» **Your objective**
Would you give the entries again word for word, with no pictures in the copy?
*** Block opens ***
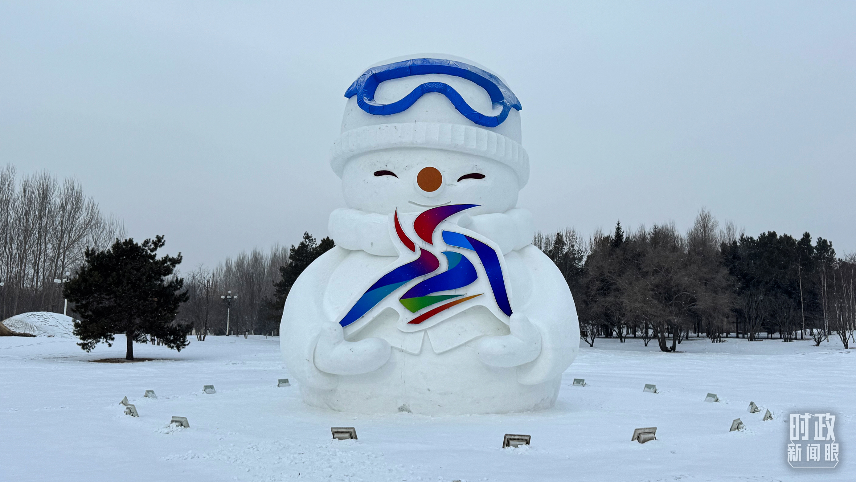 裝飾有亞冬會會徽元素的雪人。(總臺央視記者蔣碩拍攝)
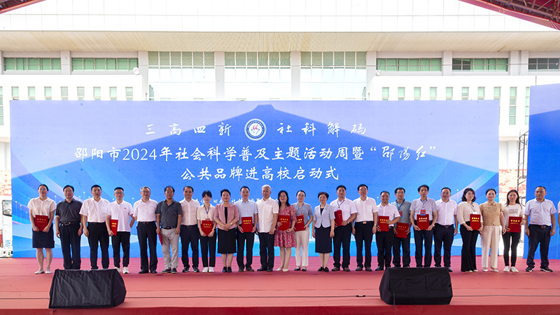 6月13日下午,2024年邵阳市社会科学普及主题活动周暨“邵阳红”公共品牌进高校活动在我校七里坪校区田径场正式启动,省社科联二级巡视员刘平出席并讲话,校党委书记宁立伟致欢迎辞,市委常委、宣传部部长杨志慧,市人大常委会副主任罗玉梅,副市长易洪海,市政协副主席、市科协主席、副校长刘承智,党委委员、副校长蒋剑平出席启动仪式。
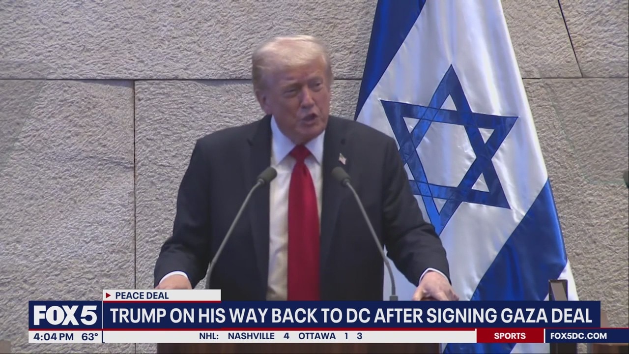 President Donald Trump on his way back to DC after signing a Gaza deal
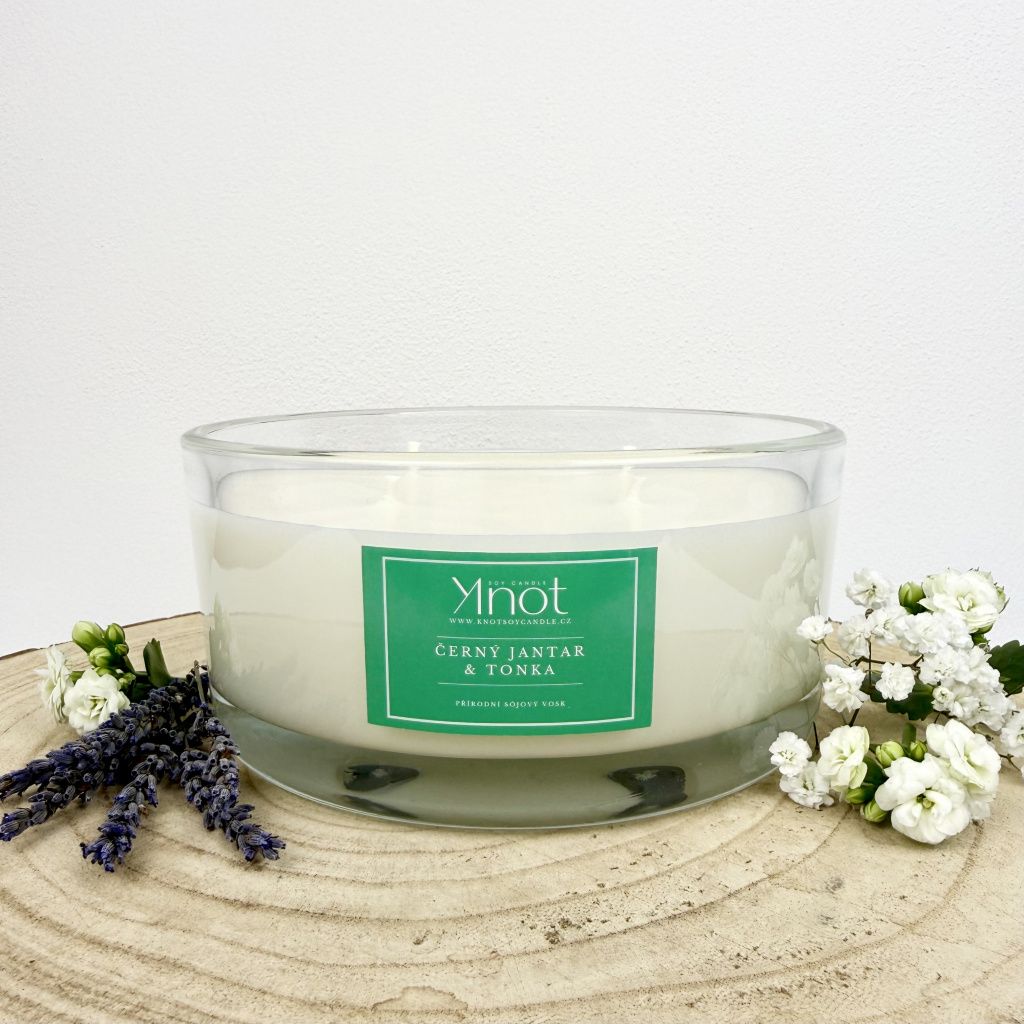 Velká sójová svíčka - Černý jantar & tonka
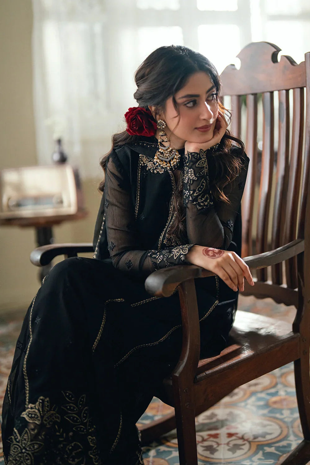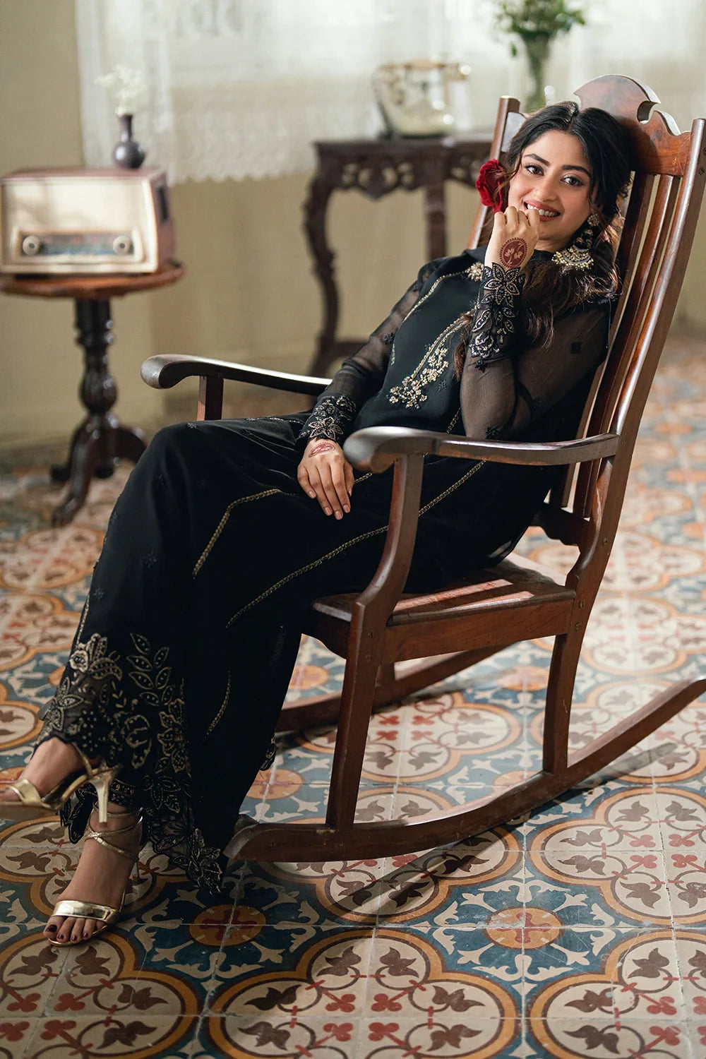 Summary: Exude timeless elegance with Azure's 'Nightingale' Festive Formal, gracefully adorned by Sajal Ali. This stunning Pakistani suit is crafted from luxurious black chiffon, a perfect lightweight fabric for Spring/Summer formal events. The kameez features a meticulously hand-embellished organza neckline and delicate sequins embroidery, creating a sophisticated silhouette. As a quintessential piece of Pakistani formal wear, this black ethnic ensemble is an impeccable choice for weddings, evening parties, and festive gatherings, offering a blend of modern charm and traditional grace. Shop this must-have Pakistani dress online.
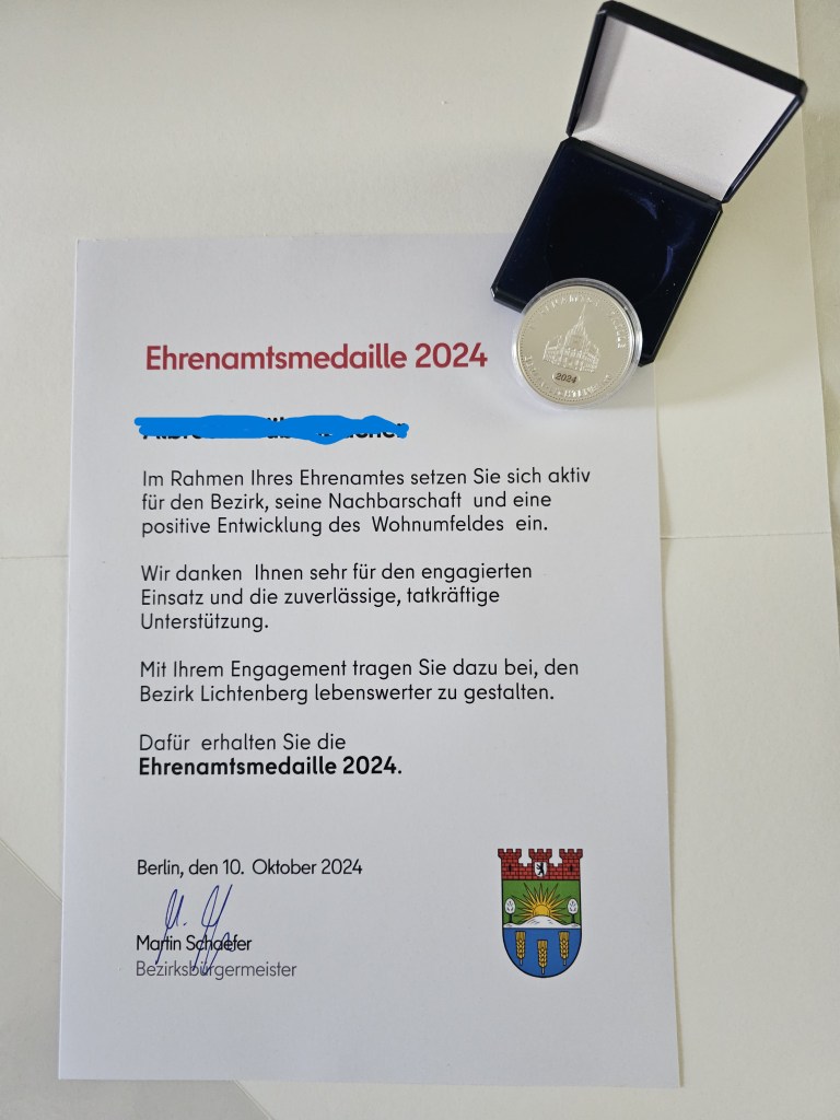 2024-10-10: Wir danken dem Bezirk Lichtenberg und dem Freiwilligenrat Lichtenberg, die uns und andere für unser ehrenamtliches Engagement mit der Ehrenamtsmedaille 2024 auszeichneten. Eindrücke von dem gelungenen Abend im Kulturhaus Karlshorst sind den Fotos zu entnehmen.
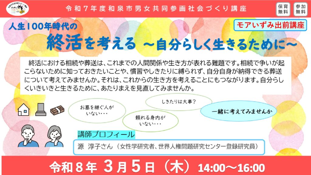 - 2025年6月1日 和泉市男女共同参画推進 講師派遣事業について
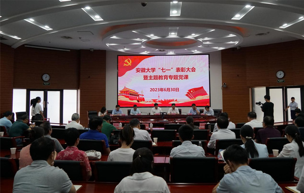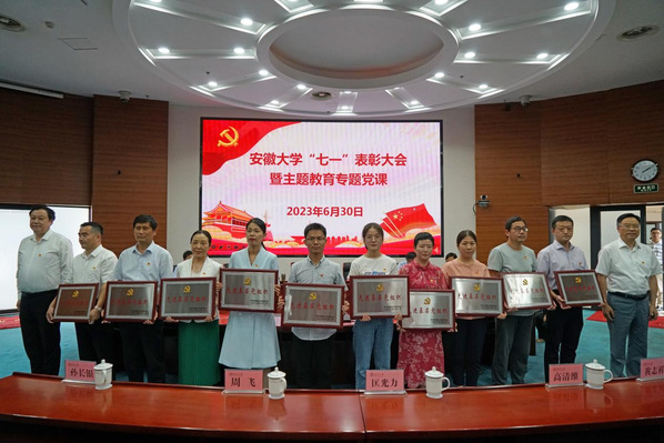 本网讯(融媒体中心 蔡丽丽 马方彤) 6月30日下午,学校在磬苑校区办公楼B204会议室举行庆祝中国共产党成立102周年“七一”表彰大会暨主题教育专题党课报告会。校党委书记蔡敬民,校长匡光力,校党委常委、副校长周飞、高清维、孙长银、王守国、黄志祥,校党委常委、党委宣传部部长赵晓明出席活动并为受表彰代表颁奖。会议由匡光力主持。受表彰的优秀共产党员代表、优秀党务工作者代表、先进基层党组织负责人代表,校党委委员,党委部门主要负责同志和党员代表等出席活动。
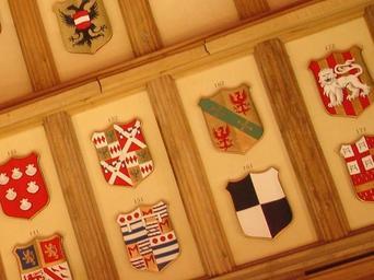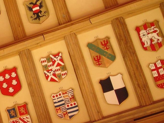 Keywords: WindsorStGeorgeHallAlmadaCoatOfArms.jpg Coats of arms of Knights of the Garter on the ceiling of St George's Hall Windsor Castle Top left Albert V of Austria; 142 Lord Scales; 152 Richard Neville Earl of Salisbury; 162 Alvaro d'Almada Count of Avranches; 172 presumably Sir Edward Hull Paly Gules and Or a lion statant guardant Argent ; 141 John Talbot Earl of Shrewsbury; 151 Sir John Grey; 161 Sir Thomas Hoo; 171 Lord Bourchier Own 2005-04-11 Aalmada Public domain Knights of the Garter 15th century Coats of arms of English nobility Coats of arms of Austrian nobility Order of the Garter in heraldry Coats of arms of Almadas Interior of Windsor Castle Paintings of coats of arms
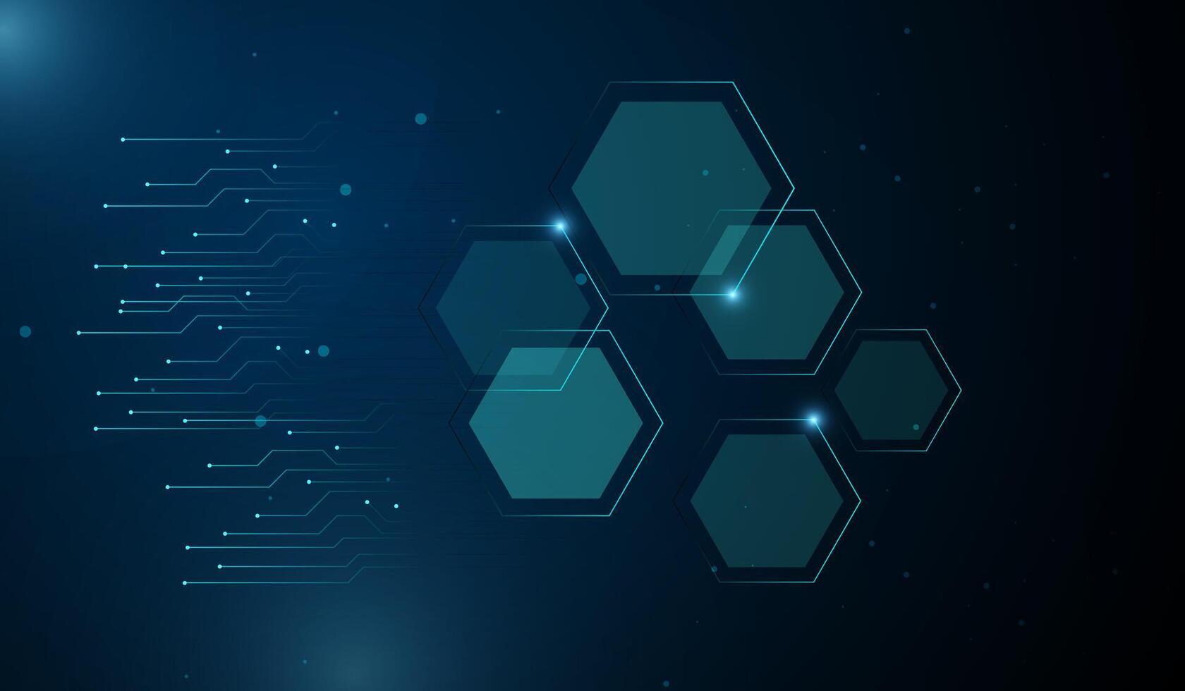 The technology Abstract polygons shape elegant blue light lines on dark background with lighting effect and sparkle for technology concept. illustration Pro Vector
*** Block closes ***
» **Exercise answer**
 裝飾有亞冬會會徽元素的雪人。(總臺央視記者蔣碩拍攝)
 6月13日下午,2024年邵阳市社会科学普及主题活动周暨“邵阳红”公共品牌进高校活动在我校七里坪校区田径场正式启动,省社科联二级巡视员刘平出席并讲话,校党委书记宁立伟致欢迎辞,市委常委、宣传部部长杨志慧,市人大常委会副主任罗玉梅,副市长易洪海,市政协副主席、市科协主席、副校长刘承智,党委委员、副校长蒋剑平出席启动仪式。
 President Donald Trump on his way back to DC after signing a Gaza deal
 Velká sójová svíčka - Černý jantar & tonka
 Summary: Exude timeless elegance with Azure's 'Nightingale' Festive Formal, gracefully adorned by Sajal Ali. This stunning Pakistani suit is crafted from luxurious black chiffon, a perfect lightweight fabric for Spring/Summer formal events. The kameez features a meticulously hand-embellished organza neckline and delicate sequins embroidery, creating a sophisticated silhouette. As a quintessential piece of Pakistani formal wear, this black ethnic ensemble is an impeccable choice for weddings, evening parties, and festive gatherings, offering a blend of modern charm and traditional grace. Shop this must-have Pakistani dress online.
 2024-10-10: Wir danken dem Bezirk Lichtenberg und dem Freiwilligenrat Lichtenberg, die uns und andere für unser ehrenamtliches Engagement mit der Ehrenamtsmedaille 2024 auszeichneten. Eindrücke von dem gelungenen Abend im Kulturhaus Karlshorst sind den Fotos zu entnehmen.
 - 2025年6月1日 和泉市男女共同参画推進 講師派遣事業について
 本网讯(融媒体中心 蔡丽丽 马方彤) 6月30日下午,学校在磬苑校区办公楼B204会议室举行庆祝中国共产党成立102周年“七一”表彰大会暨主题教育专题党课报告会。校党委书记蔡敬民,校长匡光力,校党委常委、副校长周飞、高清维、孙长银、王守国、黄志祥,校党委常委、党委宣传部部长赵晓明出席活动并为受表彰代表颁奖。会议由匡光力主持。受表彰的优秀共产党员代表、优秀党务工作者代表、先进基层党组织负责人代表,校党委委员,党委部门主要负责同志和党员代表等出席活动。
 Keywords: WindsorStGeorgeHallAlmadaCoatOfArms.jpg Coats of arms of Knights of the Garter on the ceiling of St George's Hall Windsor Castle Top left Albert V of Austria; 142 Lord Scales; 152 Richard Neville Earl of Salisbury; 162 Alvaro d'Almada Count of Avranches; 172 presumably Sir Edward Hull Paly Gules and Or a lion statant guardant Argent ; 141 John Talbot Earl of Shrewsbury; 151 Sir John Grey; 161 Sir Thomas Hoo; 171 Lord Bourchier Own 2005-04-11 Aalmada Public domain Knights of the Garter 15th century Coats of arms of English nobility Coats of arms of Austrian nobility Order of the Garter in heraldry Coats of arms of Almadas Interior of Windsor Castle Paintings of coats of arms
 The technology Abstract polygons shape elegant blue light lines on dark background with lighting effect and sparkle for technology concept. illustration Pro Vector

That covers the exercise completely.